Two times a day, Kasereka Mulanda comes to a new kind of Ebola treatment center to visit his wife, easing the isolation of a highly contagious disease.
Stepping to the clear plastic sheeting around the cubicle where his wife is staying, he can speak with her without the need for a protective suit. In a part of Congo that faces a deadly Ebola outbreak for the first time, the contact is reassuring.
“When she looks at me and smiles and asks how our two children are doing, I tell her they are well,” the 24-year-old Mulanda said. “I feel that we are together again and that she will quickly return home.”
The current Ebola outbreak in northeastern Congo, declared on Aug. 1, has become a testing ground in more ways than one. Over 7,000 people have received an experimental Ebola vaccine. More than two dozen have received one of several experimental treatments. Simply combating the virus is a challenge in a densely populated region, roamed by multiple armed groups, that health workers have called a war zone.

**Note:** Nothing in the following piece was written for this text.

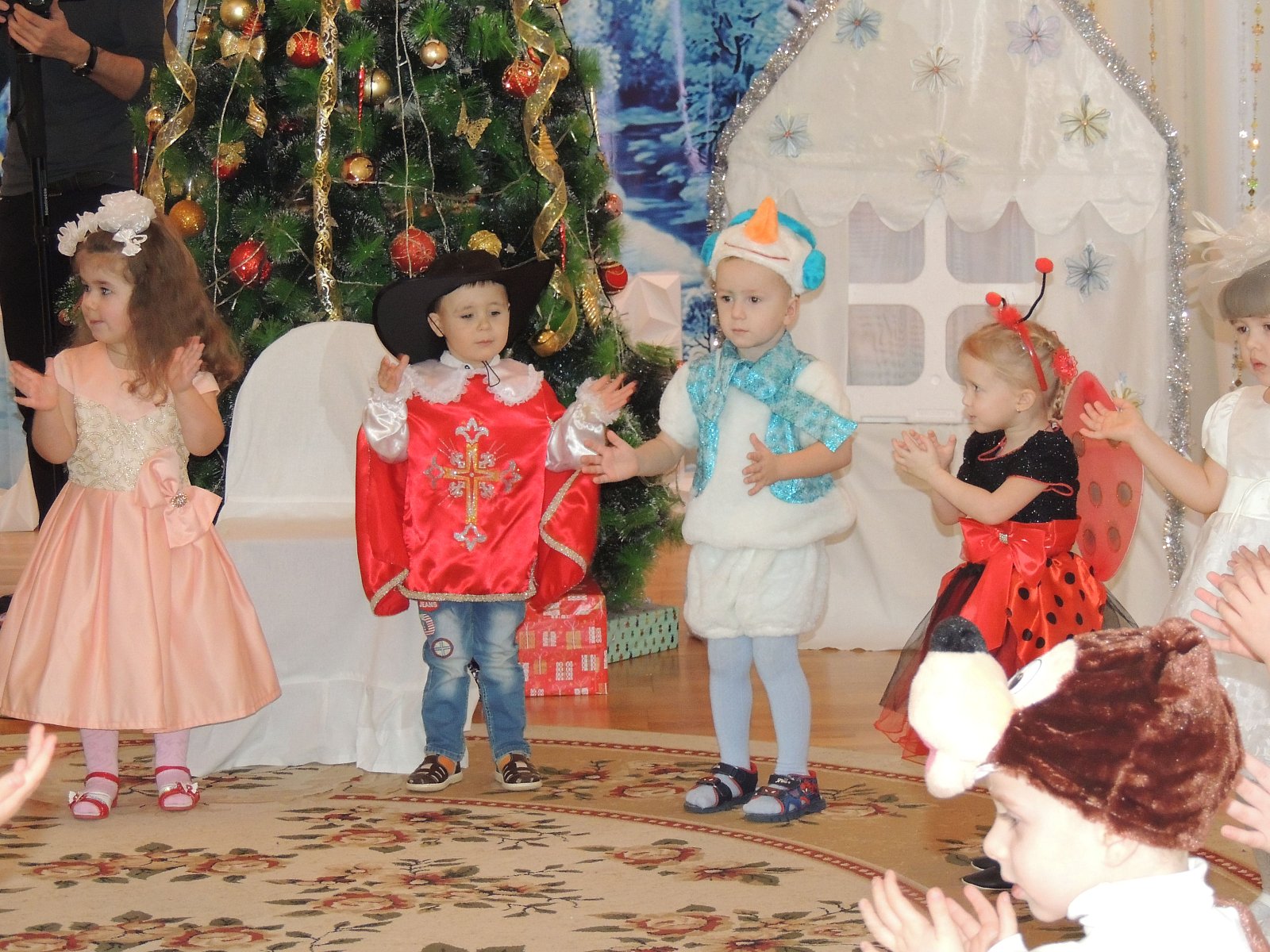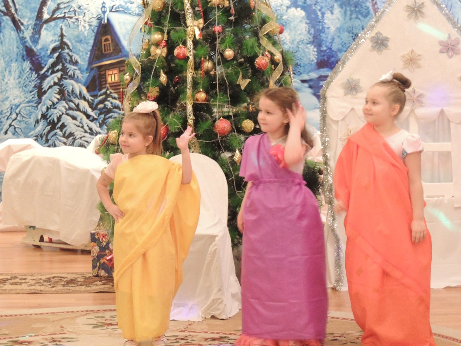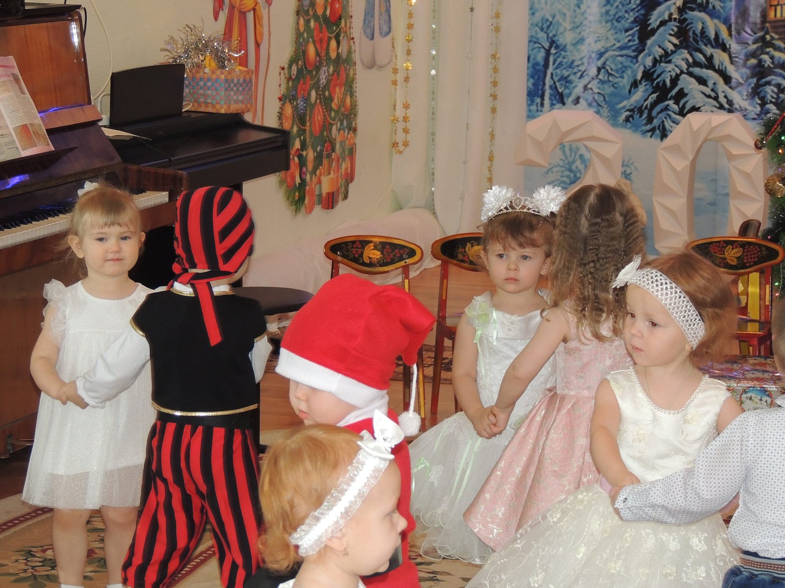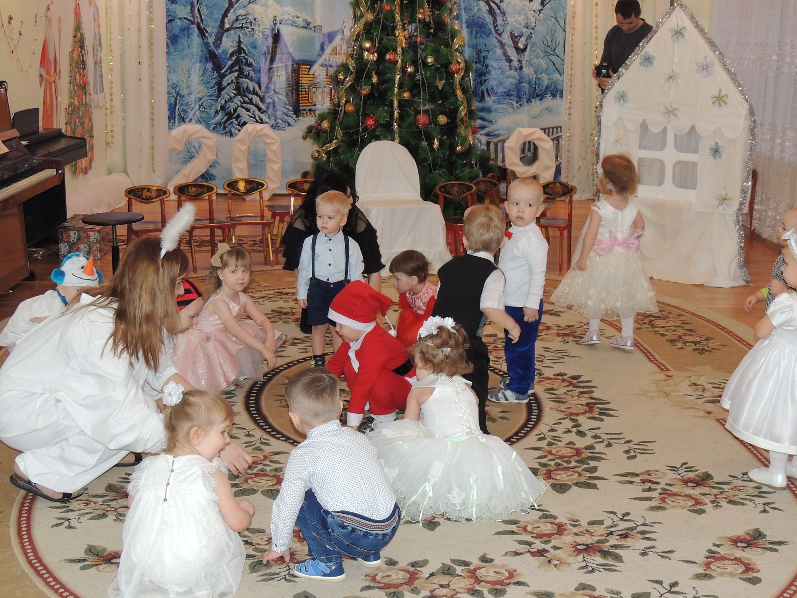 Музыкальный руководитель Гиносян А.Х. пригласила ребят на Новогодние утренники: «Лесные звери в гостях у малышей», «Веселый Новый год», «Разбудим Деда Мороза», «Туристическое агентство Бабы Яги». Дети погрузились в атмосферу волшебной сказки где играли, смеялись, водили хороводы, а также побывали в разных странах.

Now one aid group for the first time is treating confirmed Ebola victims in what is called the CUBE, individual biosecure units used in emergencies involving highly infectious diseases. ALIMA (The Alliance For International Medical Action) runs the 18-bed center in Beni.
The cubicles, which have been used in outbreaks of Lassa fever in Nigeria and Marburg in Uganda, allow the treatment of Ebola to be more social for worried families, said Dr. Oummani Rouafi, ALIMA’s medical coordinator.

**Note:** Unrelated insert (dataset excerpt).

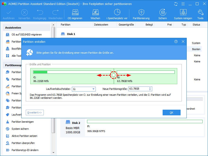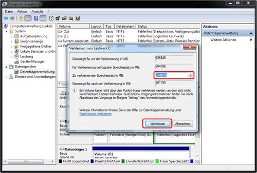 Wie erstellt man eine Partition in Windows 7 aus Laufwerk C ohne Formatierung?
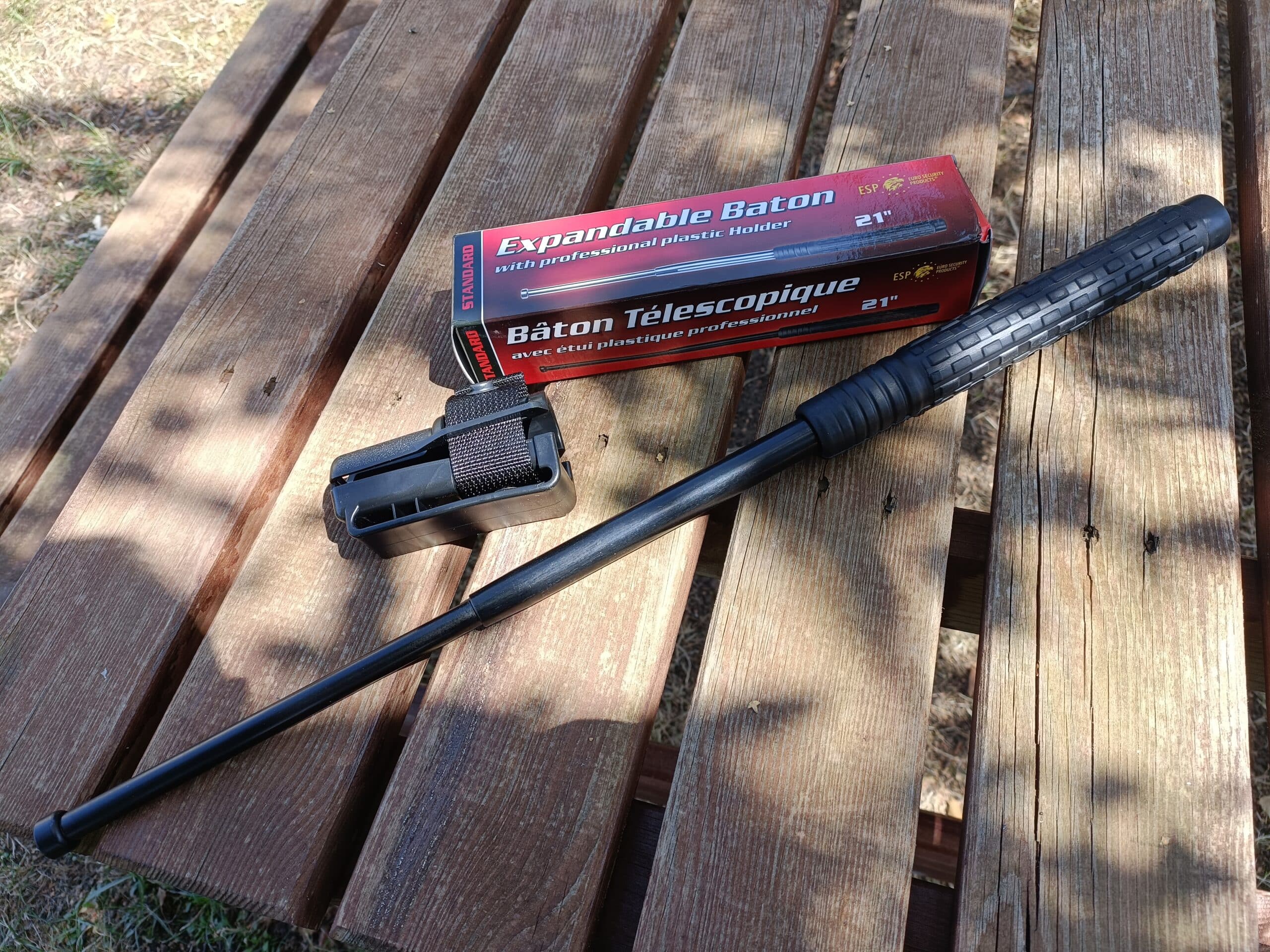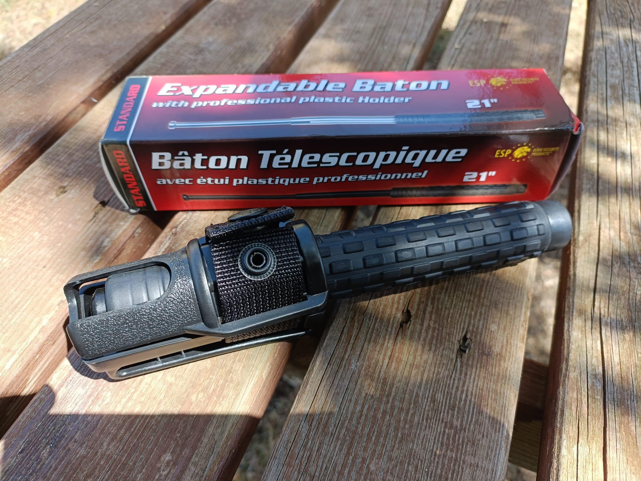 Una volta retratto, il bastone si richiude all’interno del manico, il quale ha un rivestimento in gomma nera.

“It is very much unlike other centers where civilians cannot enter the treatment tents or approach what we call the ’red zone,’” said Claude Mahoudeau, the organization’s emergency response coordinator in Beni.
With the cubicles, health workers can largely operate without the protective equipment that posed a sweaty, humid challenge in the devastating West Africa outbreak in 2014-2016, instead treating patients via external arm holes.

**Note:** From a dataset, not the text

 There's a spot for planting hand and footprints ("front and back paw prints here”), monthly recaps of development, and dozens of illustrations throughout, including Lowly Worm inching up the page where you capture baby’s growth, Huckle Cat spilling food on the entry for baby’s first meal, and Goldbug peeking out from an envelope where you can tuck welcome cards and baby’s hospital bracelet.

Of the 16 confirmed Ebola cases treated at the center, four people have recovered, four remain in treatment and eight have died. Overall the outbreak in Congo’s North Kivu and Ituri provinces has seen 100 confirmed Ebola cases, including 58 deaths.
Health workers are tracking thousands of contacts of people and trying to persuade residents to use safe burial and other practices to limit the virus spread by the fluids of infected people.
The World Health Organization has expressed optimism that the efforts are working, but worries remain that the virus could spread into areas of active attacks by armed groups where it is unsafe to operate.
The threat was made clear Monday when suspected Allied Democratic Forces rebels killed a civilian close to a base of the U.N. peacekeeping mission near Beni. Djamali Mussa, head of civil society in the community of Mavivi, condemned the attack and called for more security for health workers.
At the new Ebola treatment center, fears about the hemorrhagic fever are calmed to some degree as family members pull up molded plastic chairs to the cubicles and even hold up small children to say hello.
While Mulanda said he likes the approach, he is eager to bring his wife home.
“We’ve been married for six years and it’s difficult to be alone and do the chores alone,” he said.